Dividend stocks can make you rich. They can help you build a reliable cash income stream from the stock market -- one that you can count on to grow steadily over time.
The key, of course, is knowing which stocks to buy -- and when.
To help you in this regard, here are five outstanding dividend stocks that are particularly compelling investments today.
Microsoft (MSFT -1.16%) offers dividend investors many ways to profit. Microsoft 365 -- the cloud-based version of its venerable Office productivity software suite -- produces strong recurring revenue and bountiful profits. Microsoft's Azure cloud computing platform, meanwhile, is a powerful growth driver. The Windows, Xbox, and Surface brands give Microsoft's shareholders additional ways to win.
Moreover, the technology titan's fortress-like balance sheet and incredible cash flow generation allow it to reward investors with share repurchases and a fast-growing dividend. Microsoft's $73 billion in net cash reserves and $45 billion in annual free cash flow also help to lessen risk for shareholders, as the company has the financial fortitude to not just survive but thrive during periods of economic uncertainty, such as the current COVID-19 crisis.
Better still, with its cloud initiatives fueling its expansion, Microsoft offers investors the prospect of strong share price appreciation, in addition to its rapidly growing dividend (with a 1% yield) -- a potential fortune-building combination.
While Microsoft is an excellent dividend growth stock, if high yields are more your thing, AT&T (T 1.15%) may be right up your alley. The telecom giant's massive 7% dividend yield can deliver a sizable cash income stream to you quarter after quarter and year after year.
It's true that AT&T is shedding DIRECTV subscribers, but it recently made the wise decision to reduce expensive promotional pricing and focus instead on its less price-sensitive (and profitable) customers. This ought to improve its margins, and the cash AT&T collects from its remaining DIRECTV business -- as well as the sale of non-core assets -- should help it pay down debt and strengthen its balance sheet over time.
Moreover, what AT&T loses in DIRECTV subscribers, it hopes to gain back with its new HBO Max streaming service. Additionally, AT&T's new 5G network is another exciting growth driver -- one that should also help the dividend stalwart further its 36-year streak of annual payout increases.
3. Bank of America
In the midst of a global pandemic and one of the worst economic declines in decades, now may not seem like the best time to buy a bank stock. However, at least one legendary investor -- a fellow by the name of Warren Buffett -- is buying Bank of America (BAC 1.54%). And when the Oracle of Omaha buys a stock, investors would be wise to take notice.

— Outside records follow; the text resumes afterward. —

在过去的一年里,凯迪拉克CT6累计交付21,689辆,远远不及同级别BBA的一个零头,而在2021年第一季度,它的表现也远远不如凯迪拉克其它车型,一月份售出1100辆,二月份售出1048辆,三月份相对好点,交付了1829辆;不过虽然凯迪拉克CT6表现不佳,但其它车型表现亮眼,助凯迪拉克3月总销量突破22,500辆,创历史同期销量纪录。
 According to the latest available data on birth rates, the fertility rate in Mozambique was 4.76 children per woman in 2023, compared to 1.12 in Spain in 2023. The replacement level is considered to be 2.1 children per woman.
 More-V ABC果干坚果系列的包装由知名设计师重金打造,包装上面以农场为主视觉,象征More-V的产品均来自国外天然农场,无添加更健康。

Berkshire Hathaway -- the mega-conglomerate Buffett leads -- has purchased more than $1.7 billion worth of Bank of America's shares in recent weeks. The bank stock is now Berkshire's second-largest holding behind Apple. Its stake in Bank of America is valued at roughly $25 billion.
So why is Buffett buying a bank in the middle of an economic storm? It likely has something to do with one of his famous quotes: "Be greedy when others are fearful." It's true that the economic fallout related to the COVID-19 crisis will weigh on Bank of America's profits, but its stock price -- which is down 30% in 2020 (and creates a dividend that is yielding nearly 3%) -- largely reflects this reality. Buffett, in turn, is betting an eventual economic recovery. For as Buffett says, "Never bet against America."
4. NextEra Energy
Utilities can be a great source of income for investors. Electric utilities in particular tend to enjoy recurring revenue and relatively stable cash flow, which are well suited to the payment of dividends -- and NextEra Energy (NEE 1.13%) is one of the largest and best in the business.

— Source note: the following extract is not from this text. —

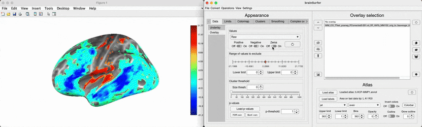 Loading overlays is as simple as choosing load overlays in the file menu, then selecting as many overlays as you'd like to load into BrainSurfer's listbox. When you load overlays, morphological files, or atlases you'll notice BrainSurfer printing some text to the MATLAB command window. You can ignore it, this is mostly for catching file loading errors in case you are running into issues. BrainSurfer uses process of elimination to determine your file type through a serious of catch statements. When loading a CIFTI file that contains information on both hemispheres, you'll notice BrainSurfer will separate the hemispheres and generate two overlays for the listbox. Each of these overlay names will be appeneded "(? HEMI)" like shown in the video below (I am using the fs_LR very inflated template here)

Its two electric companies, Florida Power & Light and Gulf Power, serve more than 5.5 million customers. But what really puts NextEra Energy in a league of its own is its renewable energy assets. NextEra is the world's largest producer of wind- and sun-based renewable energy, as well as a leader in battery storage.
Besides helping to battle climate change, these clean-energy assets give NextEra an electricity generation cost advantage over its less forward-thinking rivals. They also help to keep NextEra's dividend on solid ground. The stock currently yields a 2% dividend, and the electric utility leader has increased its dividend for 25 straight years.
5. Home Depot
As the coronavirus pandemic and related social-distancing guidelines drive people to spend more time indoors, many are choosing to invest in home improvement projects. Home Depot (HD 1.96%), of course, is a major beneficiary of this trend.

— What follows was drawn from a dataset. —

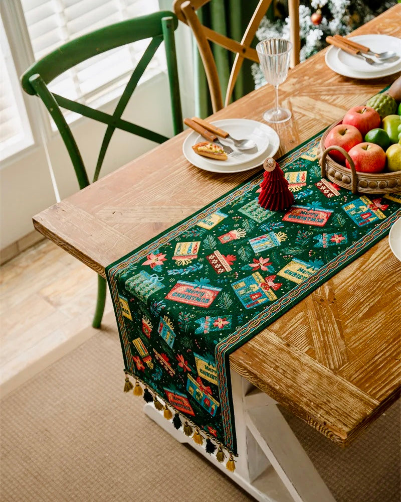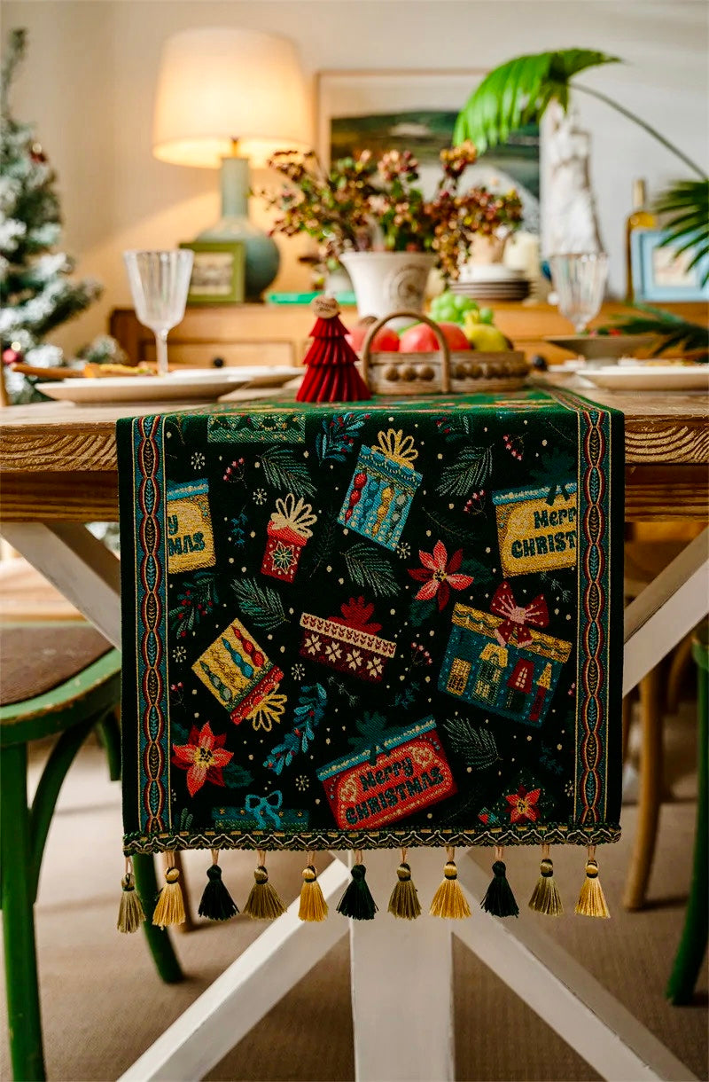 Unwrap the magic of Christmas with this exquisite Merry Christmas Jacquard Table Runner—inspired by the CHERISHED TRADITION of HOLIDAY GIFT-GIVING. Charming gift boxes, in rich, OPULENT hues dance across the fabric, each one telling its own festive story. This table runner with beautiful EMBROIDERY and pretty TASSELS transform any dining table into a festive focal point. Whether you're hosting an intimate dinner or a lively celebration, this piece brings warmth and SOPHISTICATION while honoring the timeless spirit of GENEROSITY that defines the season. Let the spirit of giving shine through every stitch!

The retailer recently posted strong first-quarter results. Sales rose 7.1% to $28.3 billion, driven by a 7.5% rise in U.S. comparable-store sales. Better still, Home Depot's operating and free cash flow jumped 22% and 28%, respectively, to $5.7 billion and $5.2 billion.
Home Depot's strong cash generation has allowed it to increase its annual cash payout to investors for 11 consecutive years. The home improvement titan recently boosted its quarterly dividend by 10% to $1.50 per share in February, and its stock currently yields a solid 2.3% dividend.